Grave-shaped signs made by a supporter of the Small Business Jobs Survival Act are placed on the steps of City Hall prior to a hearing.

  1. The Small Business Jobs Survival Act, a controversial piece of legislation that had been stalled at City Hall for nearly a decade, finally took a step forward last October with a long-awaited hearing. The bill, sponsored by Council Member Ydanis Rodriguez, is aimed at getting businesses in good standing an automatic ten-year lease extension. The real estate industry has been fighting the bill, including at the hearing, by referring to it as commercial rent control and insisting that it has legal problems. Mayor De Blasio is not in favor of the bill, and representatives from the city’s Small Business Services agency argued against it at the hearing. Rodriguez’s office has said the next steps are to find ways to respond to some of the arguments made against the bill at the hearing.
  1. In the first course of action in years relating to the recovery of contaminants beneath the soil in Stuyvesant Town/Peter Cooper Village from the days the property was home to Con Ed gas tanks and holders, wells were dug around the complex by Con Ed in June. Those wells, now installed, will be checked or semi-annually based on how much material they collect, the utility has said. The material of concern is coal tar and the purpose of collecting it is to prevent it from getting into the East River.

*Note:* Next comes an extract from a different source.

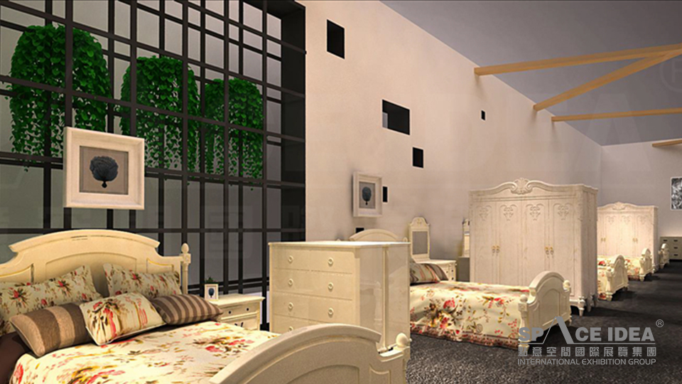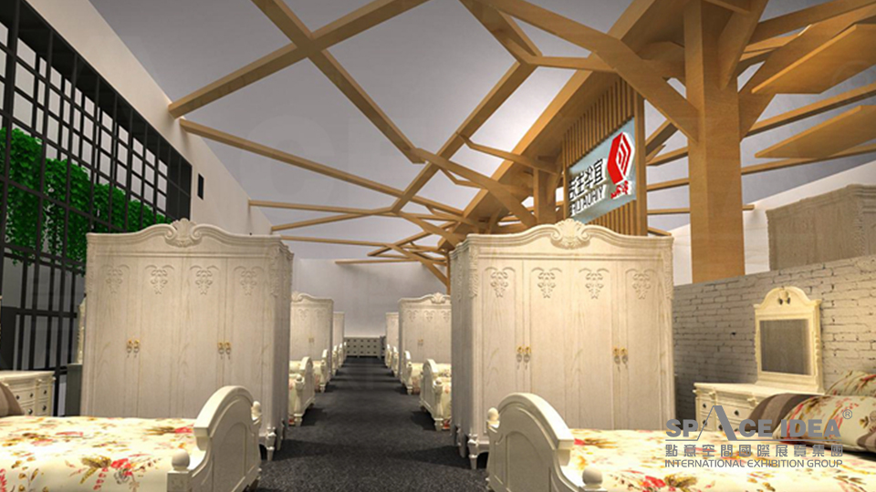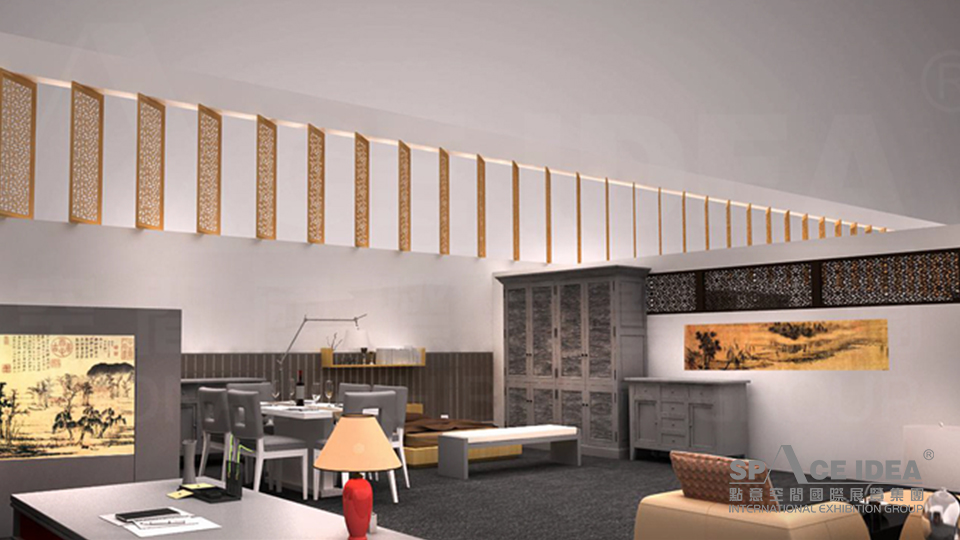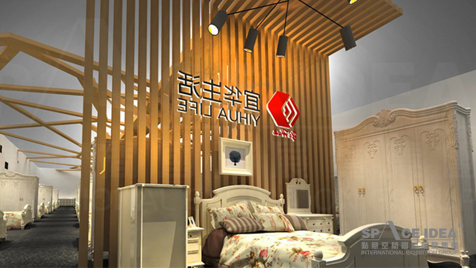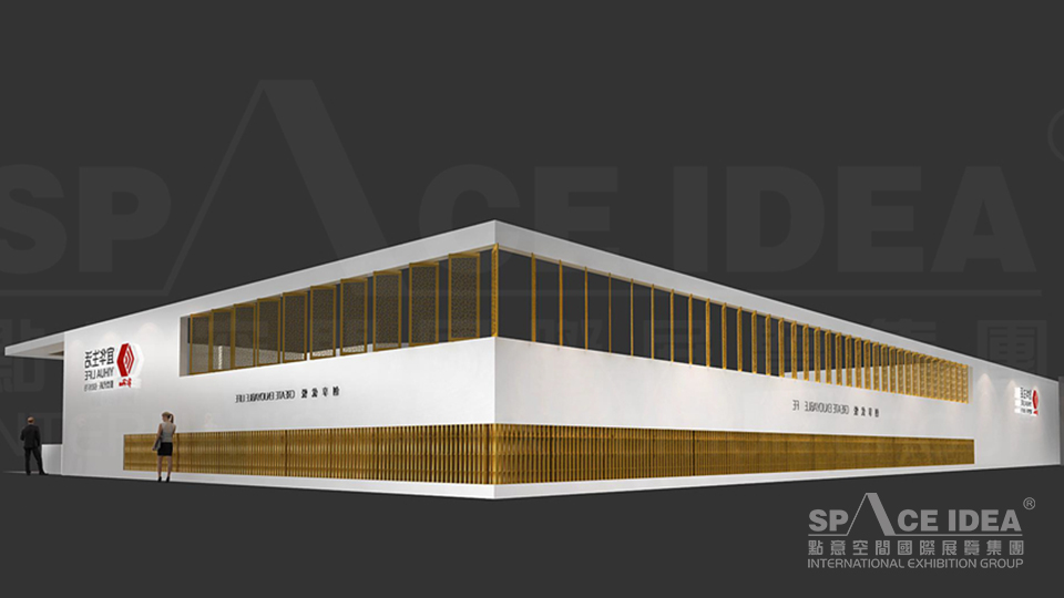本案以白色及金黄为主基调,宜华生活LOGO图形传承辉煌历史,以明亮的红色传达宜华生活从传统制造业到互联网住居生活服务业的跨越,诠释一种拥抱生活,激情活力的姿态。倒立的LOGO可以激发观众的好奇心,又打破常规,不落窠臼。外墙提取中式传统窗棱加以装饰,给人一种古典雅致的感觉。展台内墙壁上悬挂装饰画及绿植,与宜华家居的软体家具、一体化橱柜衣柜、智能家具及家具用品一起营造出一种宜家宜业的氛围。

The Administration for Children’s Services facility on First Avenue (Photo via Google Maps)

  1. The year 2018 saw a rise in crime perpetrated mostly by youths staying at the Administration for Children’s Services on First Avenue as well as homeless men in the neighborhood, which houses the city’s largest shelter on East 30th Street. Crimes included a fatal beatdown of a homeless man by two other homeless men in August, the rape of a homeless woman by a homeless man in December and countless robberies and assaults of people who happen to cross paths with ACS teenagers on the street and in parks.